The dozen or so politely worded faxes we sent in search of an affordable hotel room resulted in as many apologetic "no vacancy" responses. And with only weeks to go before our departure, we were getting desperate.
With time running out, our last-minute solution to the problem was to try staying in a convent. That decision opened a whole new world for us, for which we will always be grateful.
A helpful colleague, who speaks Italian and once lived in Italy, recommended a convent of the Ursuline Sisters, which is in a beautiful 15th-century villa called Villa I Cancelli in the hills on the edge of Florence. It would cost about $50 a night for two, including some meals. Despite some initial worries about language and double-beds and not being in the city center, we jumped at the chance.
My colleague made the reservation for us over the phone in Italian, although we probably could have done it ourselves with help from a phrase book, and we secured it by sending a small deposit in the form of a personal check, which they returned to us after we'd paid our bill.
The nun at the other end of the line giggled when my friend assured them that my husband and I were married. "It's not important. We take all kinds of guests," the amused nun explained in Italian.
Staying in the convent turned out to be one of the most magical experiences of our trip, and although the nuns spoke no English, a dictionary and a ready smile worked just fine. An enthusiastic "Buon giorno" — meaning "good day" — was easy enough to muster, and I wrote a little "cheat sheet" for myself with key phrases culled from the back of my tour book.
After enjoying a golden sunset on a large tiled terrace which looked out onto the little winding roads and tile-roofed villas typical of the Tuscan countryside, the nuns served us a homey meal of salad, pasta, roast chicken and plenty of red wine and bottled water.
We ate in the villa's ancient dining room, with its dark-stained wood and towering doorways, with a handful of other guests, mainly French and Italians, and shared a table with two friendly Milanese ladies — both of whom spoke a little English. One of them spoke fluent French and the other, much to the surprise of my Japanese husband, even spoke some Japanese!
The convent's garden, with its olive and lemon trees, flower garden and chirping birds, was lovely and serene.
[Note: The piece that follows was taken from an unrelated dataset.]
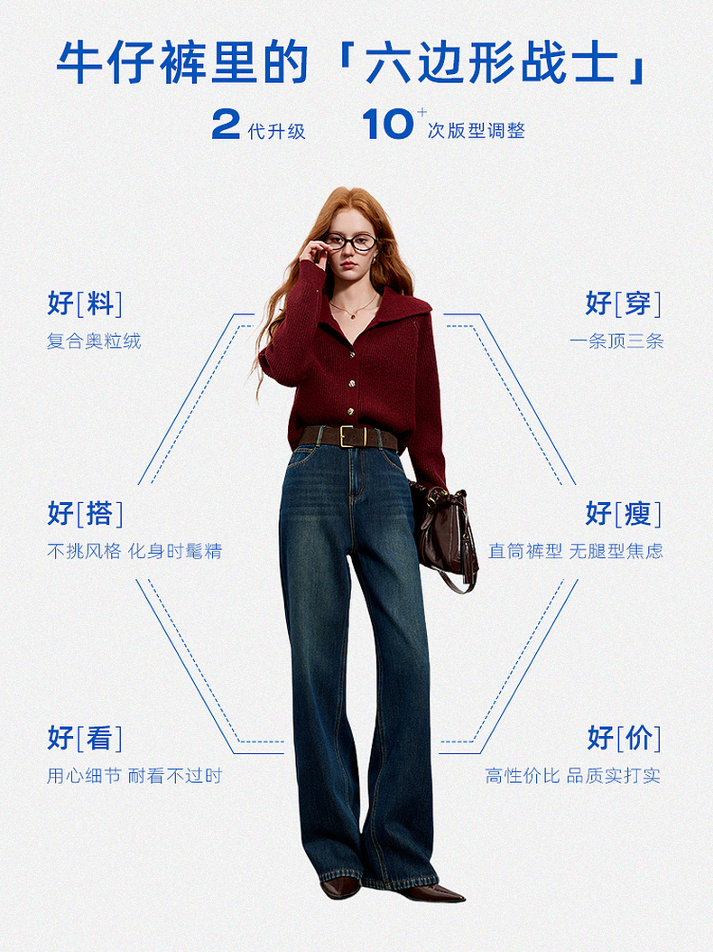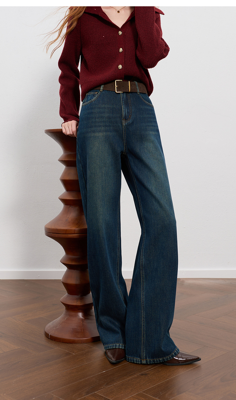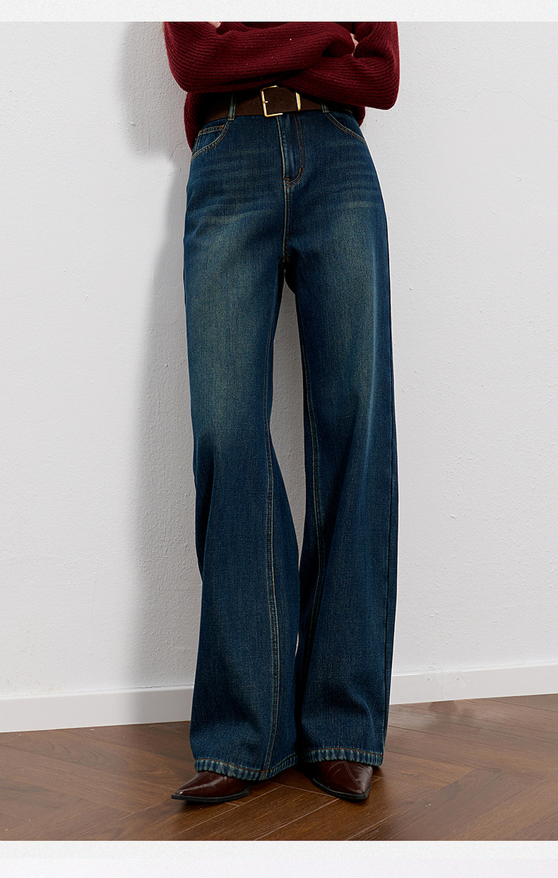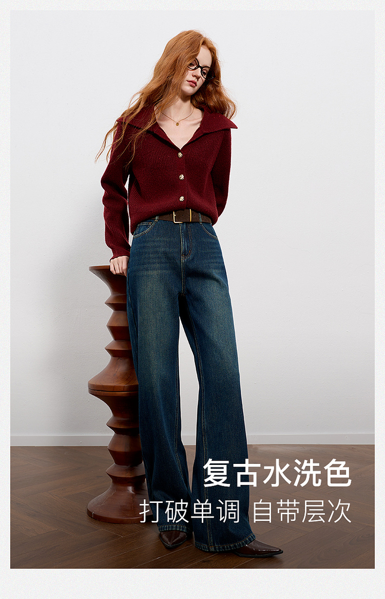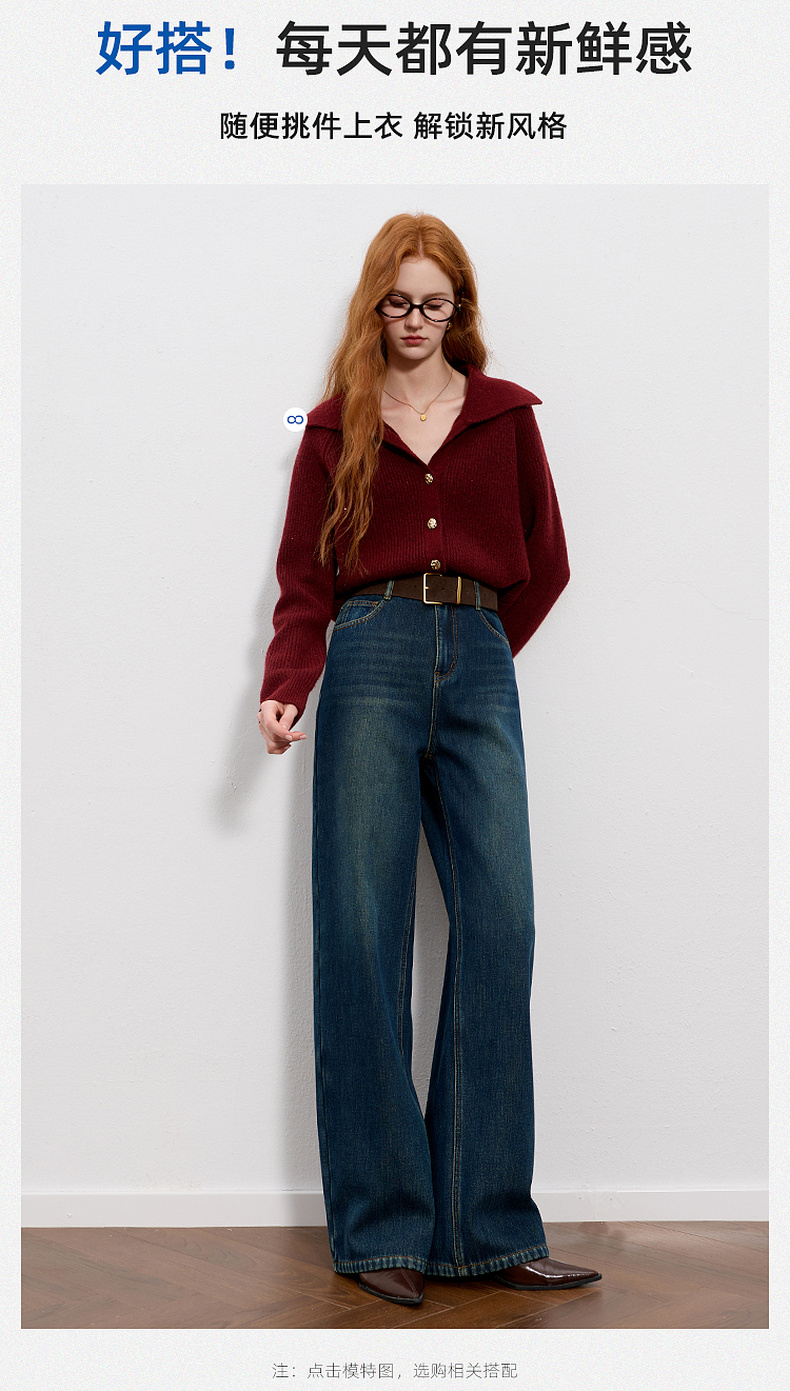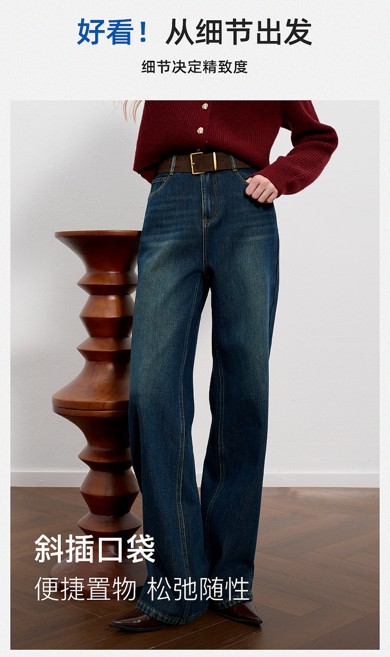 【奥利绒】三彩2025冬季新款牛仔裤休闲直筒裤宽松长裤简约Z

Although the convent was not in the city center, the $9 taxi ride from the main train station took only 5 minutes and the bus ride, which cost less than $1, took about 30 minutes or so and gave us a welcome glimpse of ordinary life in Florence.
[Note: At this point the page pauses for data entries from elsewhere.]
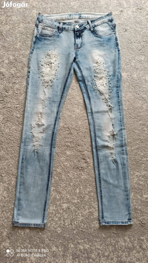Világoskék sztreccses gyöngyökkel díszített szaggatott, csipkebetétes farmer L-es méretű új állapotú 4500 Ft-ért eladó.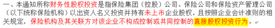 實際上,上述通知僅是針對保險資金開展財務性股權(quán)投資的限制,而財務性股權(quán)投資指的是對未上市企業(yè)的直接股權(quán)投資行為,如下(來自上述通知):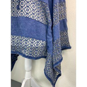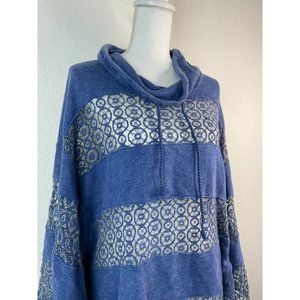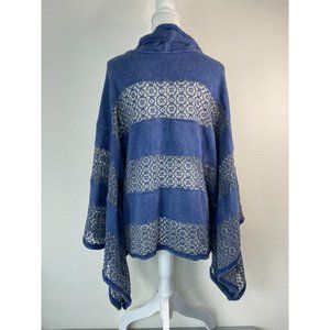 Free People womens XS oversized blue cowl neck poncho pullover lace boho striped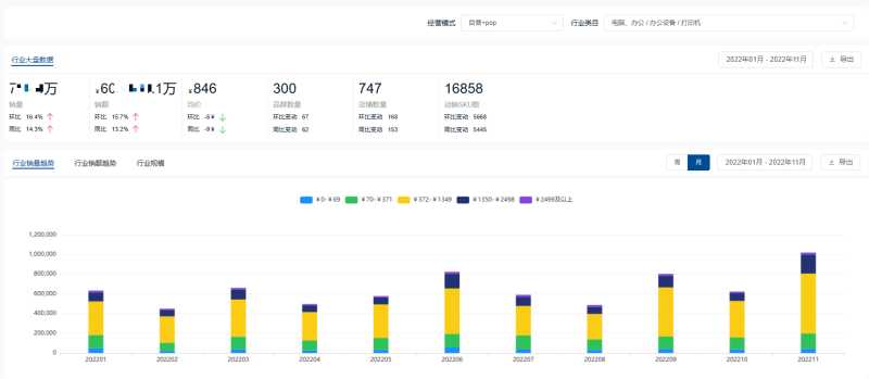 根据鲸参谋平台的数据统计,2022年京东平台打印机的年度总销量超716万件,同比去年增长14.3%;此外,京东平台打印机今年的年度销额累计超60亿元,同比去年增长了13.2%。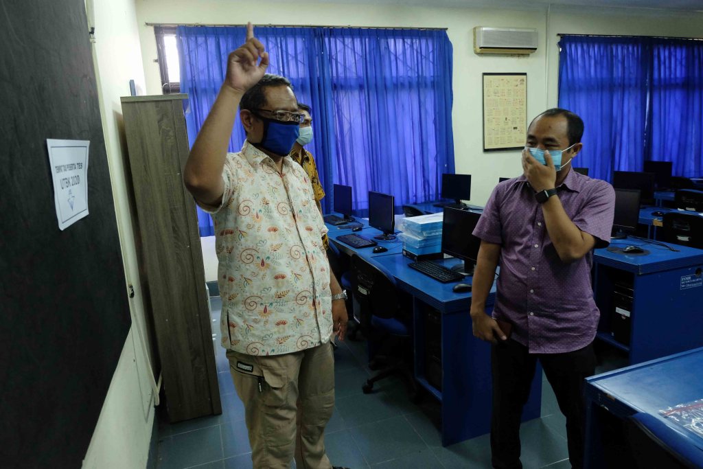 Komisioner BNSP, Miftahul Aziz, meninjau Ruang Lab Prodi Animasi yang terletak di lantai dua Gedung Dekanat FSMR didampingi oleh Pembantu Dekan II FSMR ISI Yogyakarta, Deddy Setyawan, M.Sn. pada saat peninjauan kesiapan LSP ISI Yogyakarta (1/8).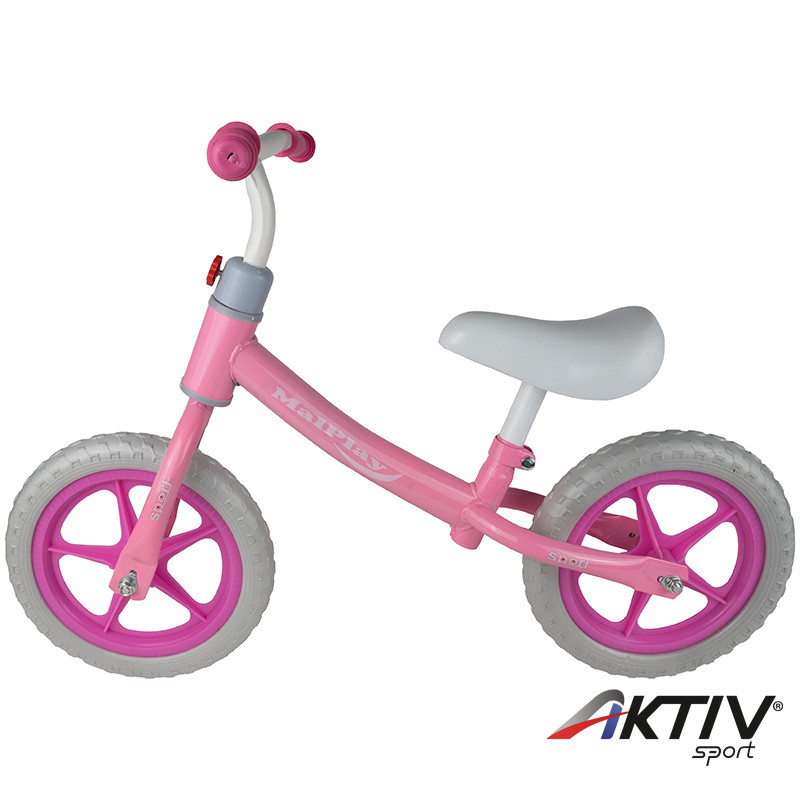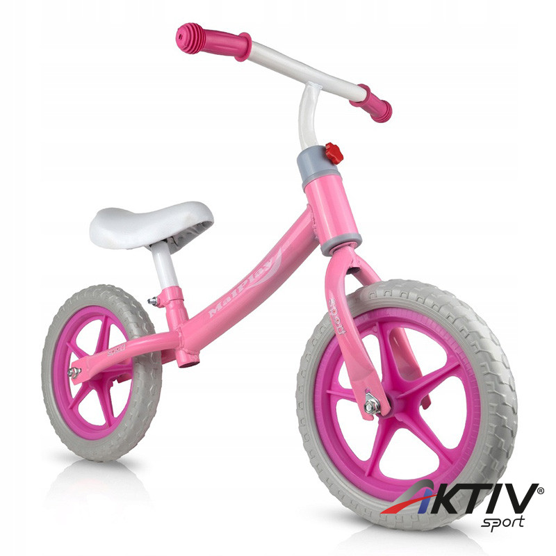 Rózsaszín-fehér tanulóbicikli. Kiválóan alkalmas a kisgyermekek részére, hogy a biciklizés előtt megtanuljanak egyensúlyozni.

The room, with a private bathroom and shower, was immaculate if spartan and offered a view of the garden and the hills sloping down to Florence itself. Although the convent had no double beds, we didn't mind pushing the two single beds together. And we were careful to separate them again each morning before we left to go sightseeing, carefully making sure each was directly under its appointed crucifix.
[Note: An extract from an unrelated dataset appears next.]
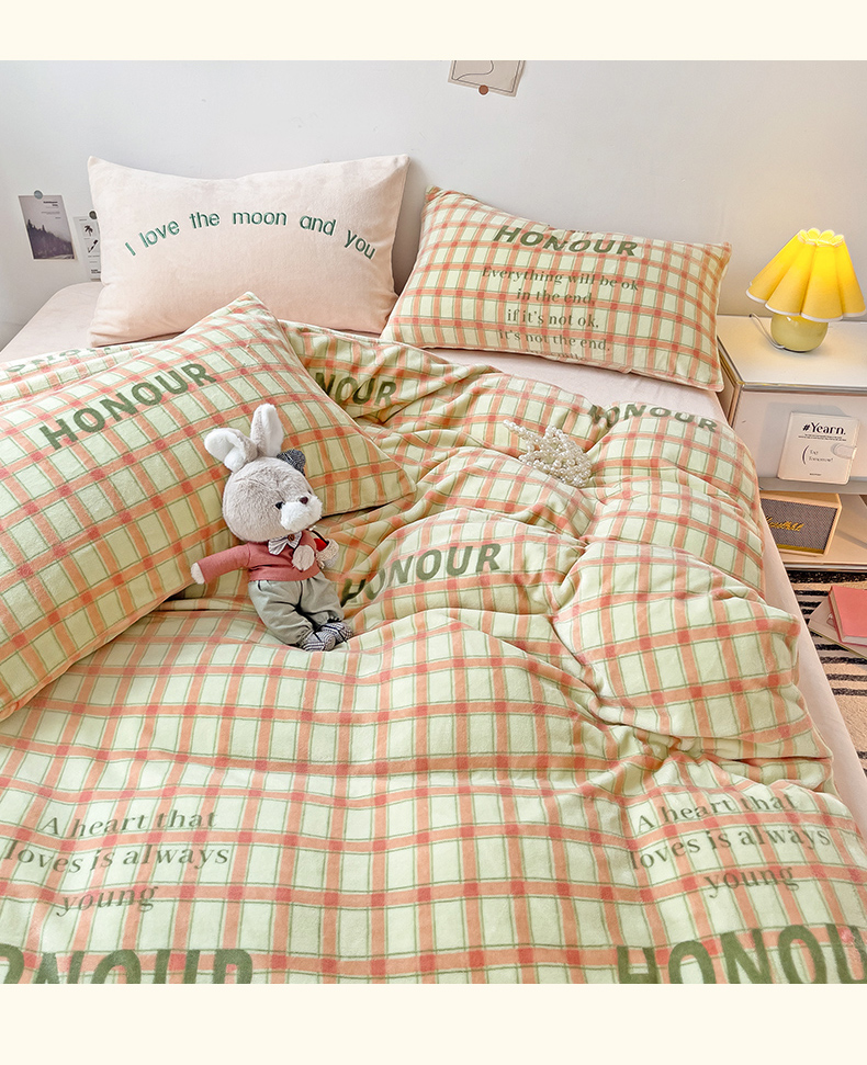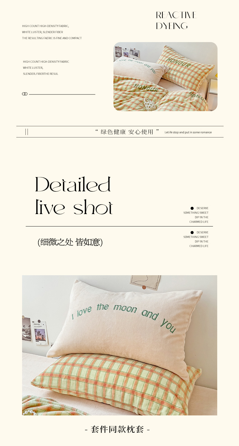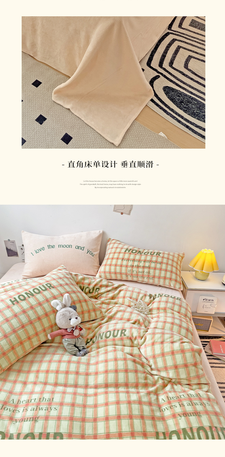 山茶家纺 2023新款高克重牛奶绒印花四件套 冰淇淋 桔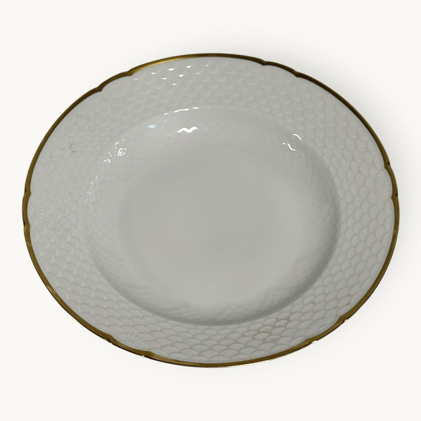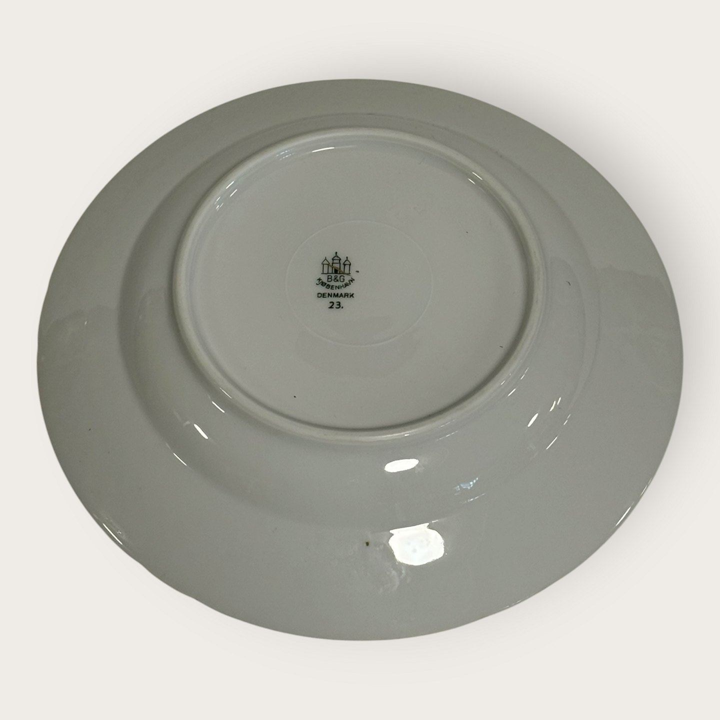 Bing & Grøndahl, Aakjær, Hvid porcelæn med en guldkant, dyb tallerken # 23, 21,5cm i diameter, 1.sortering *Pæn stand*

We spent our days visiting the sights of Florence.
Everywhere we went there were mobs of tourists.
Amid the jostling crowds of tourists in the city center, and the endless whine of careening motorbikes and incessant honking car horns, we felt privileged to return each night to our serene home away from home, which dated to the same period of much of the art we'd come to see.
Two new books on the subject, "Lodging in Italy's Monasteries," by Eileen Barish (Anacapa Press), and "Bed and Blessings: Italy," by June and Anne Walsh (Paulist Press), make finding convents and monasteries — and securing reservations in Italian — easy, even for those who speak no Italian.
Italy seems to have more convents and monasteries that accept guests than all of Europe combined, so it's a natural — and surprisingly often overlooked — alternative for tourists willing to veer off the beaten track.